─── Information provided ───
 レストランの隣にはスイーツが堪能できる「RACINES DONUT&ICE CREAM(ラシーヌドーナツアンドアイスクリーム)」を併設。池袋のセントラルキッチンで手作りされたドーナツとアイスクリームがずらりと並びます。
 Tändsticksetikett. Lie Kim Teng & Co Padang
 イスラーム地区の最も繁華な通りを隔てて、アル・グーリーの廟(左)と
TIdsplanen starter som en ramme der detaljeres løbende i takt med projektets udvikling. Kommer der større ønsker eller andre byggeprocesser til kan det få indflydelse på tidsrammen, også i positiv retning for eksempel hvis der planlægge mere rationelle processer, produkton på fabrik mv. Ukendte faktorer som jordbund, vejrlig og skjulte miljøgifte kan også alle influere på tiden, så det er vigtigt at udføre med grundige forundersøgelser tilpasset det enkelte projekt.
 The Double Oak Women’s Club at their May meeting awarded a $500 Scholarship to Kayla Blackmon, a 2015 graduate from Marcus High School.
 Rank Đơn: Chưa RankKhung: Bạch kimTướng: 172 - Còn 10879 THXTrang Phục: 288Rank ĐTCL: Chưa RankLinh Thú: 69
───
─── Information provided ───
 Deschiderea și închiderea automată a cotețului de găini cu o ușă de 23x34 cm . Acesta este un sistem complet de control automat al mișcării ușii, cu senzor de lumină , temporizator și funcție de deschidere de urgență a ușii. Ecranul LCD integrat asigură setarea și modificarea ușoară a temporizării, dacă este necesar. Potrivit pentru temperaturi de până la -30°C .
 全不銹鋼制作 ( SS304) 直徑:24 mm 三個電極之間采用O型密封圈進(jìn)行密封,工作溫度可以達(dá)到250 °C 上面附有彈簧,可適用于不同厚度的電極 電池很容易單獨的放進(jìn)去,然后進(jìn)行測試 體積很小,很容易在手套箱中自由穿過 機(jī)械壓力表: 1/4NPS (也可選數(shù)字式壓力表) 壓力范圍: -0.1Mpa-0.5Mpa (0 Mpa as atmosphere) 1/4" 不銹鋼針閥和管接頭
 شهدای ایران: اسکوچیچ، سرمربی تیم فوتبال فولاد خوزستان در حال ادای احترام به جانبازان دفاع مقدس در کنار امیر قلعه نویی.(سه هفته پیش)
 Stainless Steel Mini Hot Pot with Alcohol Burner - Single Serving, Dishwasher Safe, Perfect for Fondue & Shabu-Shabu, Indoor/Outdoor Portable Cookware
───
─── Information provided ───
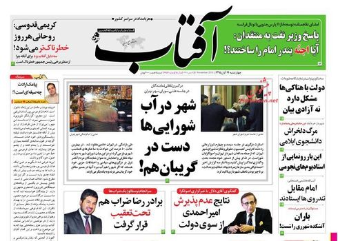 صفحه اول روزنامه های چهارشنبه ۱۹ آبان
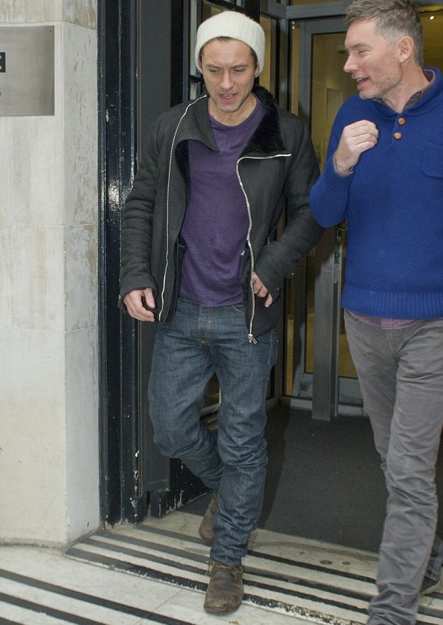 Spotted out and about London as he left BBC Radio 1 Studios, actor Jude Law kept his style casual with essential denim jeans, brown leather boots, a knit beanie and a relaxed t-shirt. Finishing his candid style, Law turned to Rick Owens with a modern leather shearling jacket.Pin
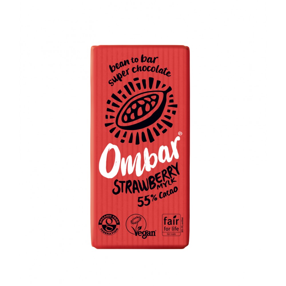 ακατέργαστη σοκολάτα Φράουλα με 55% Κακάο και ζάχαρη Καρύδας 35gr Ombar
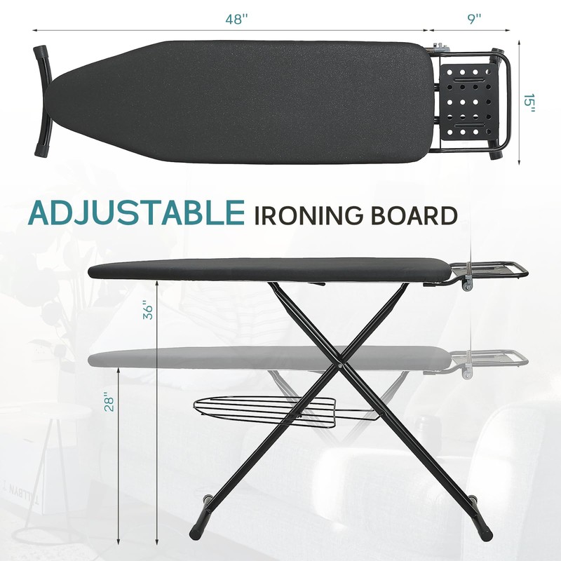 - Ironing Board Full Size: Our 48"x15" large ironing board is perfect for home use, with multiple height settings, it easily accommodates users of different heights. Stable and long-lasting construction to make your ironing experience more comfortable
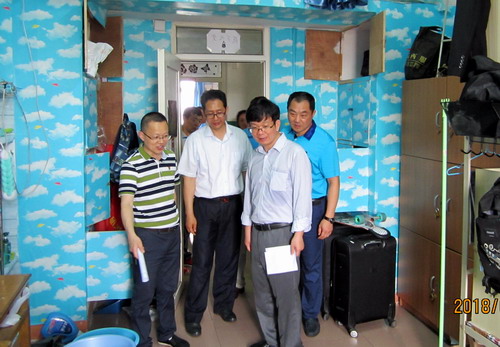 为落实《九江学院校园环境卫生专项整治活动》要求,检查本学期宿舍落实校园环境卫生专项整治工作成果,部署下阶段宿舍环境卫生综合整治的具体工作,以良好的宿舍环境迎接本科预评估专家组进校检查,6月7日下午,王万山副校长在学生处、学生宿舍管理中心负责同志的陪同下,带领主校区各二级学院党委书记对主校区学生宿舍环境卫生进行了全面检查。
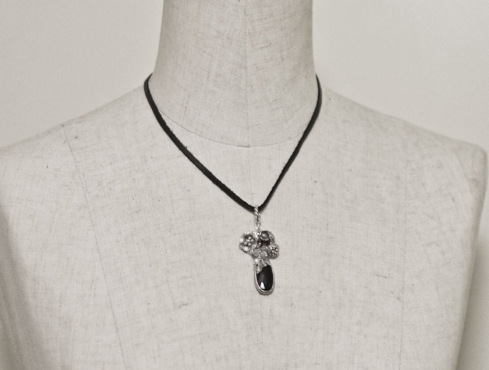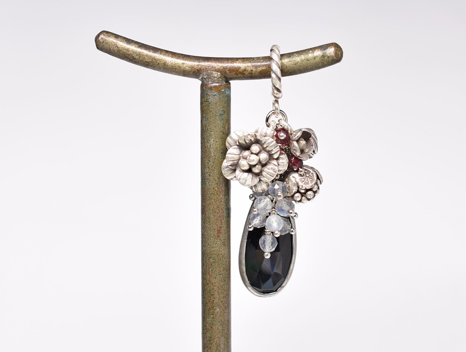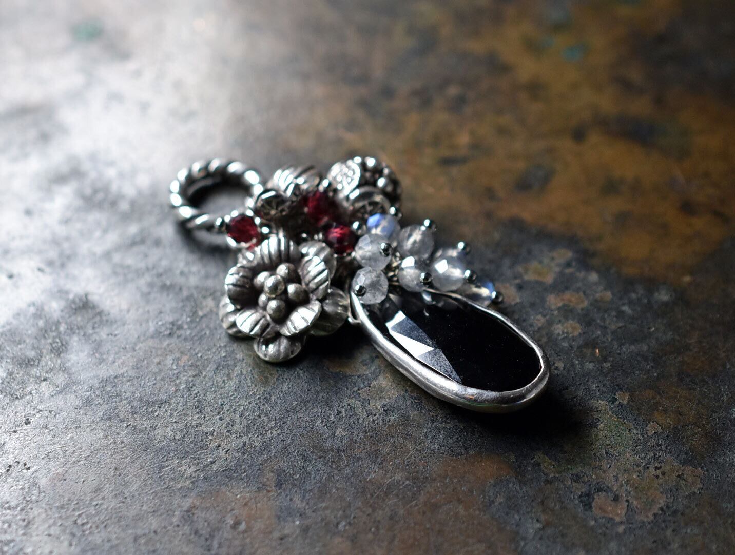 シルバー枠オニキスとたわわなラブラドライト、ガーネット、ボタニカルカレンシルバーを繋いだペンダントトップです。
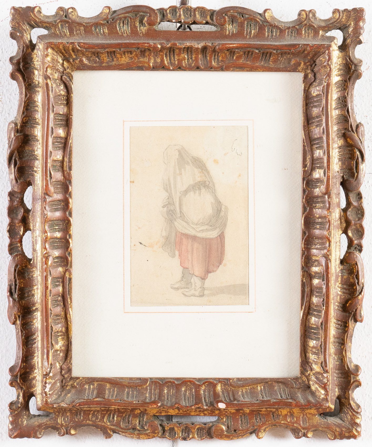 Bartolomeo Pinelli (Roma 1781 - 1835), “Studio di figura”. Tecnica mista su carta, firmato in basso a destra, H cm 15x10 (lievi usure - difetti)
───
_Exercise instructions_
Write out exactly the lines above from the line with "شهدای ایران: اسکوچیچ،" through the line with "Stainless Steel Mini", both of them included, and leave out all other lines.

_Task response_
 شهدای ایران: اسکوچیچ، سرمربی تیم فوتبال فولاد خوزستان در حال ادای احترام به جانبازان دفاع مقدس در کنار امیر قلعه نویی.(سه هفته پیش)
 Stainless Steel Mini Hot Pot with Alcohol Burner - Single Serving, Dishwasher Safe, Perfect for Fondue & Shabu-Shabu, Indoor/Outdoor Portable Cookware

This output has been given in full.